If the slope of ′ $ Z $ ′ (compressibility factor) v/s ′ $ P $ ′ curve is constant (slope = $ \dfrac{\pi }{{492.6}}at{m^{ - 1}} $ ) at a particular temperature ( $ 300K $ ) and very high pressure, then calculate diameter of the molecules.
(Given: $ {N_A} = 6.0 \times {10^{23}} $ , $ R = 0.0821atm \cdot litmo{l^{ - 1}}{K^{ - 1}} $ )
(A) $ {\text{7}}{\text{.5}}\mathop {\text{A}}\limits^{\text{o}} $
(B) $ {\text{5}}\mathop {\text{A}}\limits^{\text{o}} $
(C) $ {\text{2}}{\text{.5}}\mathop {\text{A}}\limits^{\text{o}} $
(D) $ {\text{1}}{\text{.25}}\mathop {\text{A}}\limits^{\text{o}} $

Answer 1

Hint: The general equation for a straight line is $ y = mx + c $ . This equation is compared to the equation relating compressibility factor $ \left( Z \right) $ with pressure $ \left( P \right) $ .
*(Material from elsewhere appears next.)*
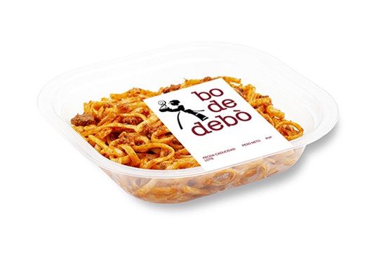 Salsa bolonyesa (53%) (tomàquet fregit [aigua, tomàquet concentrat, oli refinat de gira-sol, sucre, sal, midó de blat de moro, ceba, all], magre de boví [12%], aigua, hortalisses sofregides en proporció variable [pastanaga, porro, api, ceba, oli de pinyolat d'oliva], sal, espècies, conservador [sorbat potàssic]). Tallarines cuites (47%) (aigua, sémola de blat dur, oli de pinyolat d'oliva).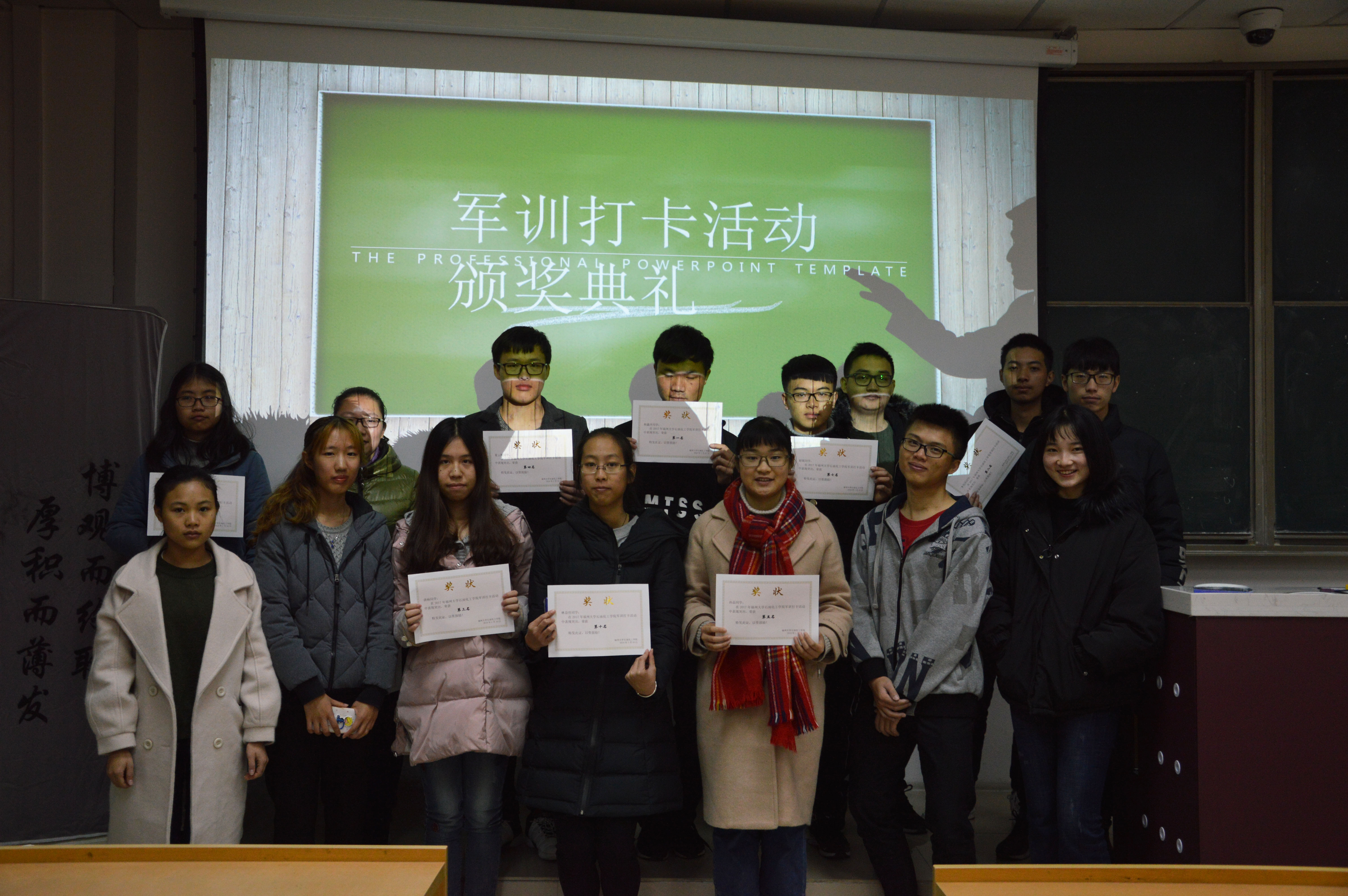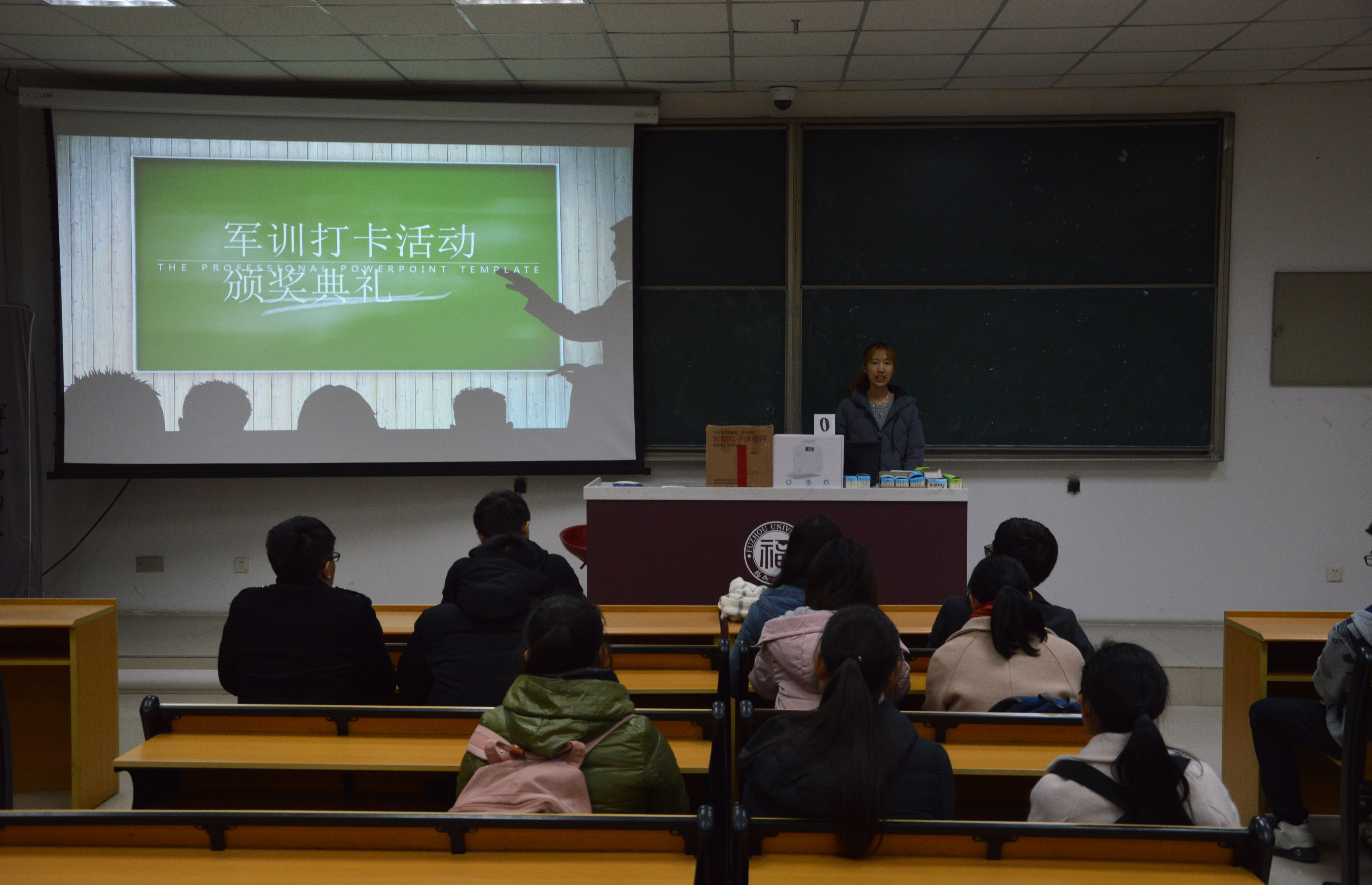 1月11日晚6点,由石油化工学院主办、石化学院记者团承办的“14天军训打卡计划”活动颁奖仪式于西二502顺利举行,至此,“14天军训打卡计划”活动落下圆满帷幕。

Formula used: The formulae used in the solution are given here.
For ideal gases, $ Z = 1 + \dfrac{{Pb}}{{RT}} $ where $ Z $ is the compressibility factor, $ P $ is the pressure of an ideal gas, $ R $ is the gas constant and $ T $ is the temperature.

Complete Step by Step Solution
For an ideal gas,
 $ PV = nRT $ where $ P $ is the pressure of an ideal gas, $ V $ is the volume of the ideal gas, $ n $ is the number of molecules, $ R $ is the gas constant and $ T $ is the temperature.
The compressibility factor (Z), also known as the compression factor, is the ratio of the molar volume of a gas to the molar volume of an ideal gas at the same temperature and pressure for an ideal gas the compressibility factor is 1.
At high pressures, $ Z = 1 + \dfrac{{Pb}}{{RT}} $ .
The general equation for a straight line is $ y = mx + c $ where $ x $ and $ y $ are the coordinate axes, $ m $ is the slope of the line and $ c $ is the y-intercept.
Since, the curve for ′ $ Z $ ′ (compressibility factor) v/s ′ $ P $ ′ curve, slope $ m = \dfrac{b}{{RT}} $ .
Given that, the slope for the curve is constant, slope = $ m = \dfrac{b}{{RT}} = \dfrac{\pi }{{492.6}}at{m^{ - 1}} $ .
 $ \Rightarrow b = \dfrac{\pi }{{492.6}} \times 0.0821 \times 300 $ where universal gas constant $ R = 0.0821 $ and $ T = 300K $ .
 $ b = \dfrac{4}{3}\pi {r^3} \times 4{N_A} $
 $ \Rightarrow b = \dfrac{\pi }{{492.6}} \times 0.0821 \times 300 \times {10^{ - 3}} $
The radius of the molecules are given by, $ {\text{r = 2}}{\text{.5}}\mathop {\text{A}}\limits^{\text{o}} $ .
The diameter is $ {{2r = 2 \times 2}}{\text{.5 = 5}}\mathop {\text{A}}\limits^{\text{o}} $ .
Hence, the correct answer is Option B.

Note
The compressibility factor should not be confused with the compressibility (also known as coefficient of compressibility or isothermal compressibility) of a material, which is the measure of the relative volume change of a fluid or solid in response to a pressure change.
Compressibility factor values are usually obtained by calculation from equations of state (EOS), such as the equation which takes compound-specific empirical constants as input. For a gas that is a mixture of two or more pure gases (air or natural gas, for example), the gas composition must be known before compressibility can be calculated.
Alternatively, the compressibility factor for specific gases can be read from generalized compressibility charts that plot $ Z $ as a function of pressure at constant temperature.